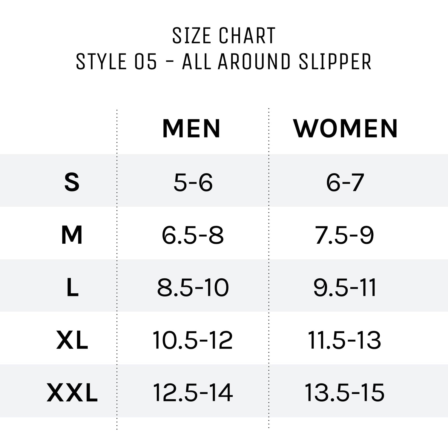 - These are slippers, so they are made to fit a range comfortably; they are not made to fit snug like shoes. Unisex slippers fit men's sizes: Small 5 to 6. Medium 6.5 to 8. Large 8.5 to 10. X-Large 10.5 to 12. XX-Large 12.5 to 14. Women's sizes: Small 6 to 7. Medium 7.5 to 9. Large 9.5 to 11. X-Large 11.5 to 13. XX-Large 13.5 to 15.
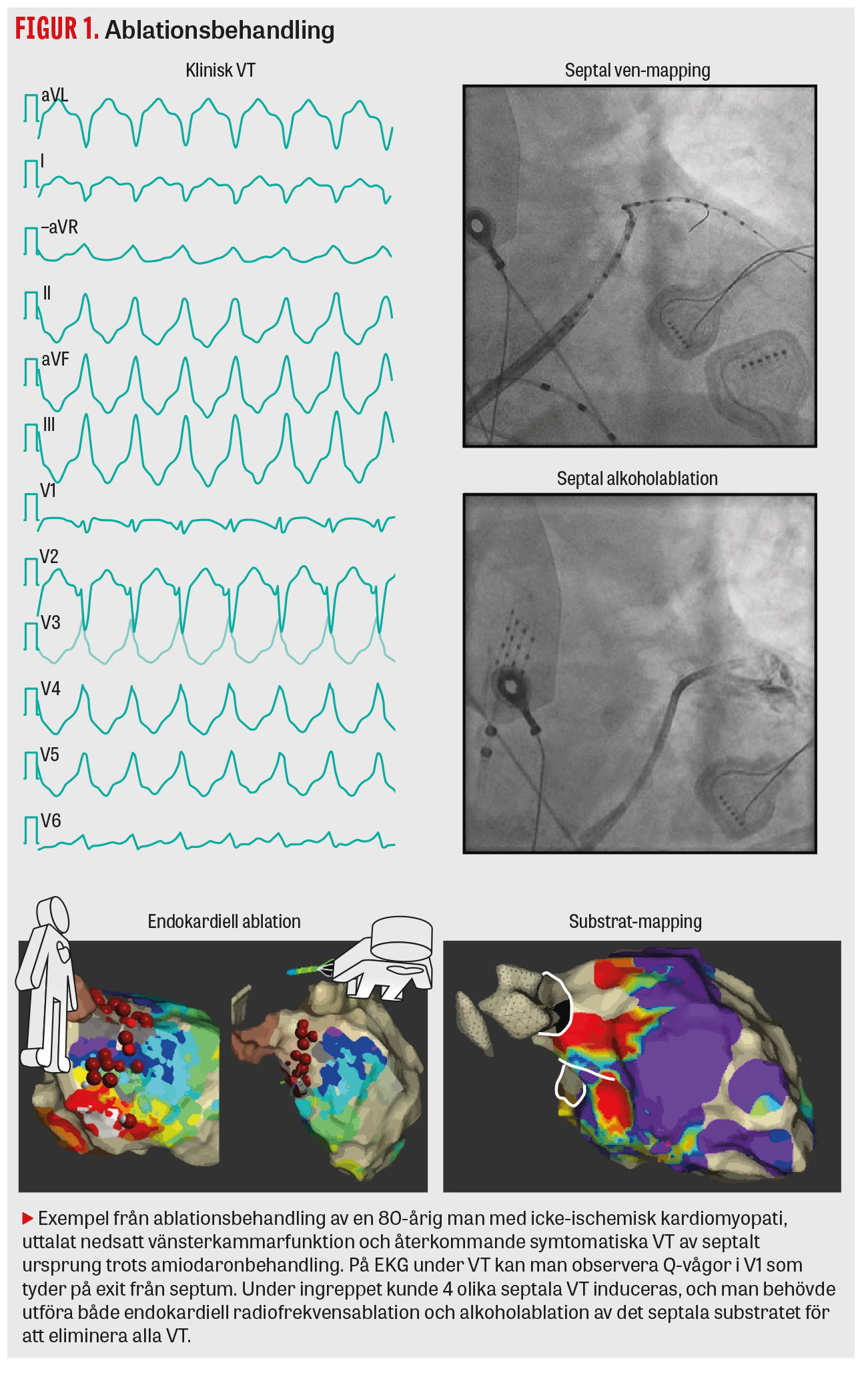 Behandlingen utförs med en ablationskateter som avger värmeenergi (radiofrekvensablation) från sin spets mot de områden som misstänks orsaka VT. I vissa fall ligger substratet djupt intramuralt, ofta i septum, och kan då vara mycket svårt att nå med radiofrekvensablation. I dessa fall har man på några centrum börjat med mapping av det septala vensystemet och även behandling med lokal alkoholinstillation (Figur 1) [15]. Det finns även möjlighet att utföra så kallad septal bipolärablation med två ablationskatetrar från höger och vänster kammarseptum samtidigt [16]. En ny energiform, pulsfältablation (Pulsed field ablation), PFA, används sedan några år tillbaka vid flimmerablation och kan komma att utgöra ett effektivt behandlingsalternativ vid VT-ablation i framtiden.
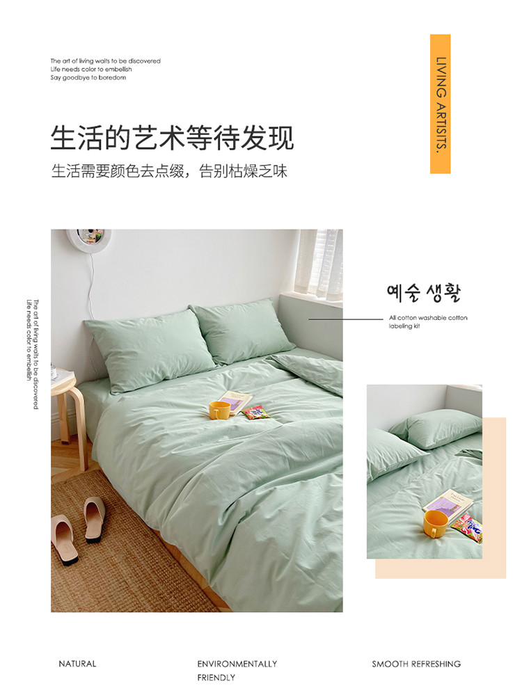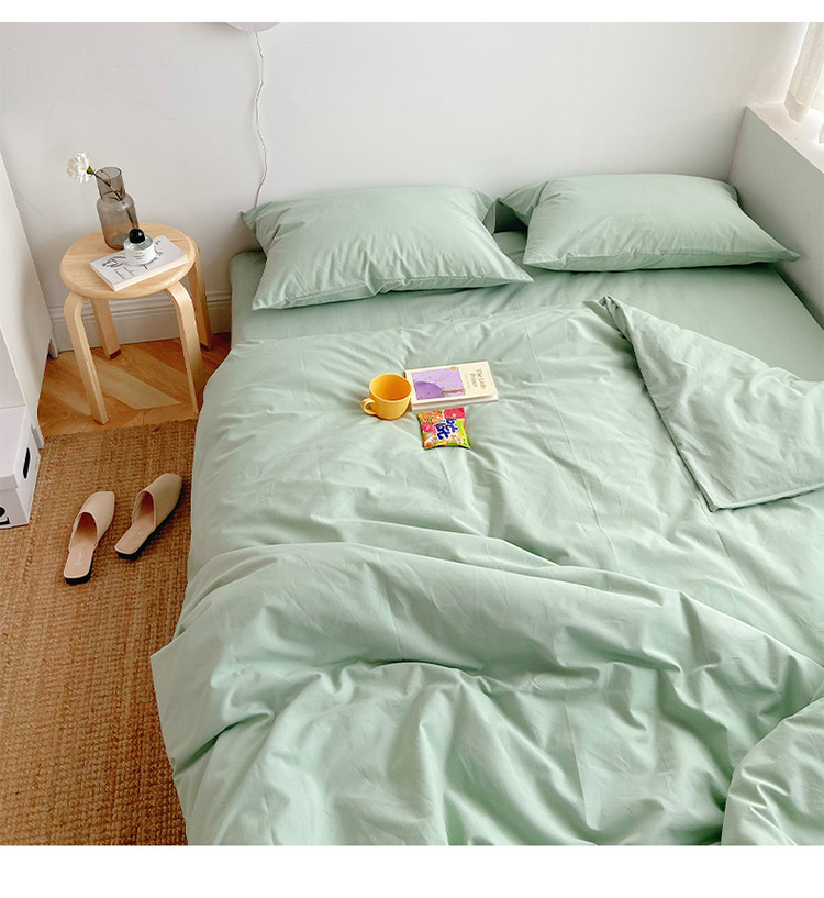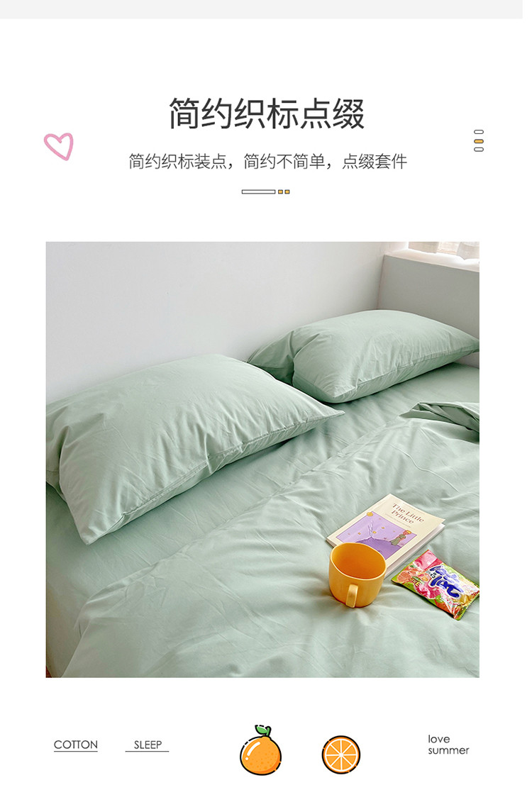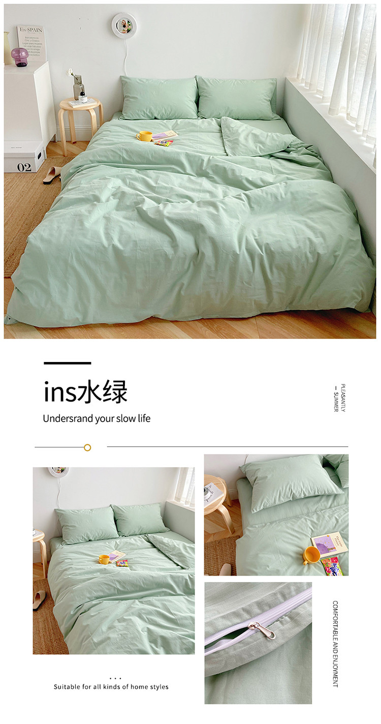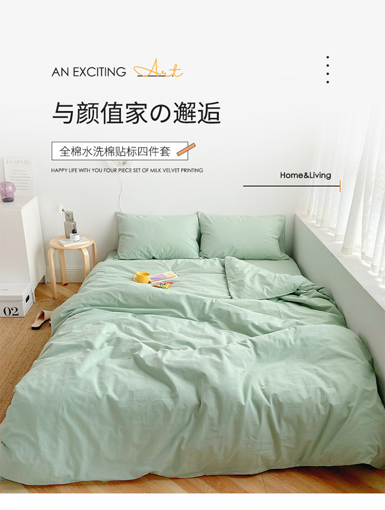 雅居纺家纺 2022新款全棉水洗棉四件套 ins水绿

=-=-=

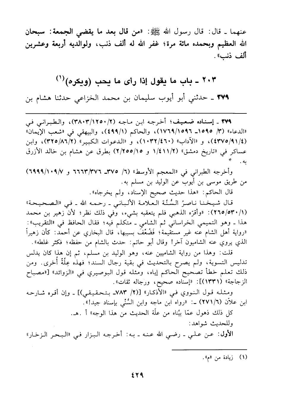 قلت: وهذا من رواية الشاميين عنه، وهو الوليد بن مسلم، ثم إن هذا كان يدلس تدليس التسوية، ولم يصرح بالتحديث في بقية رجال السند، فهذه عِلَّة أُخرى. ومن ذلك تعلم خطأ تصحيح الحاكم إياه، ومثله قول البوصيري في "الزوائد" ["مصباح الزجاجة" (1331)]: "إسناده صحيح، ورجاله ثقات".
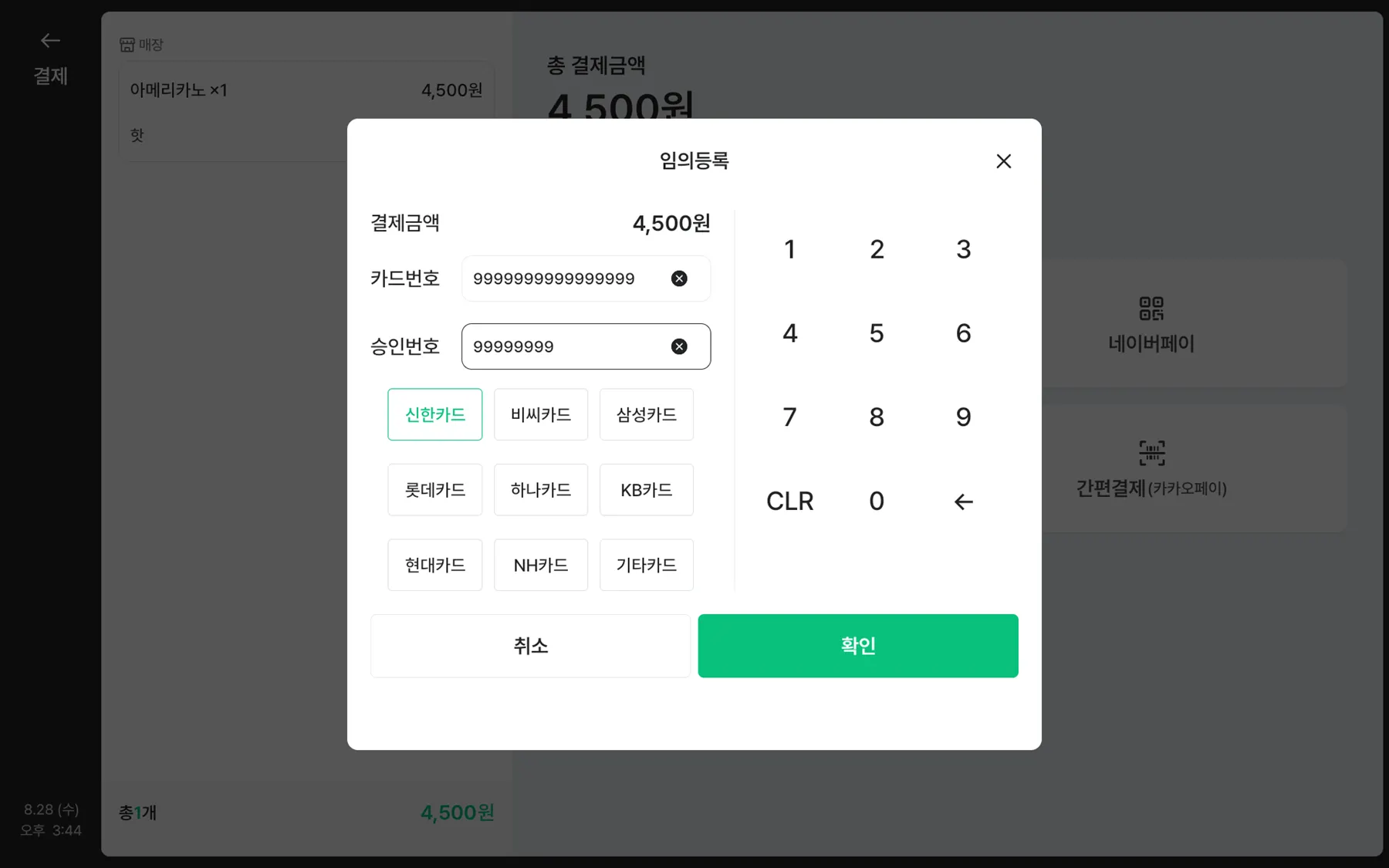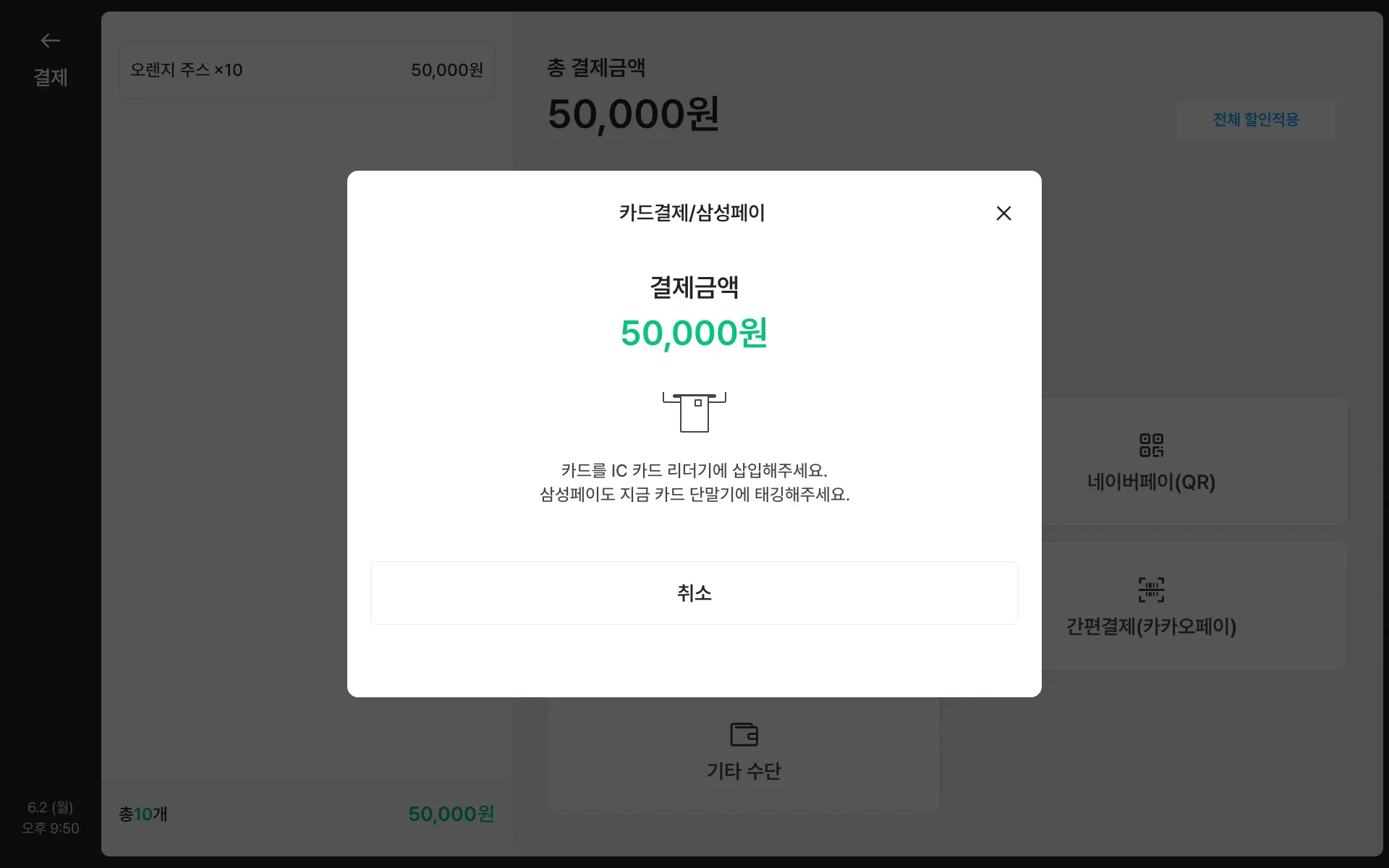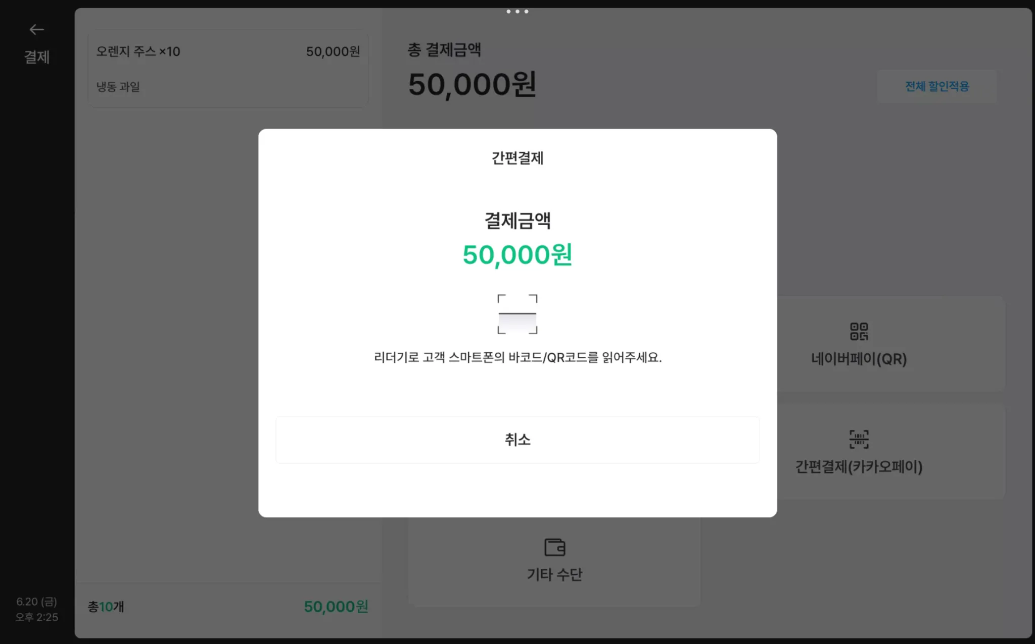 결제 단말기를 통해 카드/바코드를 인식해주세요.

=-=-=

▸ **Work item**
Each line above starting at the one holding "قلت: وهذا من" and ending at the one holding "결제 단말기를 통해 카드/바코드를 인식해주세요." should be set down exactly as it stands, both ends included, with no pictures.

▸ **Answer**
 قلت: وهذا من رواية الشاميين عنه، وهو الوليد بن مسلم، ثم إن هذا كان يدلس تدليس التسوية، ولم يصرح بالتحديث في بقية رجال السند، فهذه عِلَّة أُخرى. ومن ذلك تعلم خطأ تصحيح الحاكم إياه، ومثله قول البوصيري في "الزوائد" ["مصباح الزجاجة" (1331)]: "إسناده صحيح، ورجاله ثقات".
 결제 단말기를 통해 카드/바코드를 인식해주세요.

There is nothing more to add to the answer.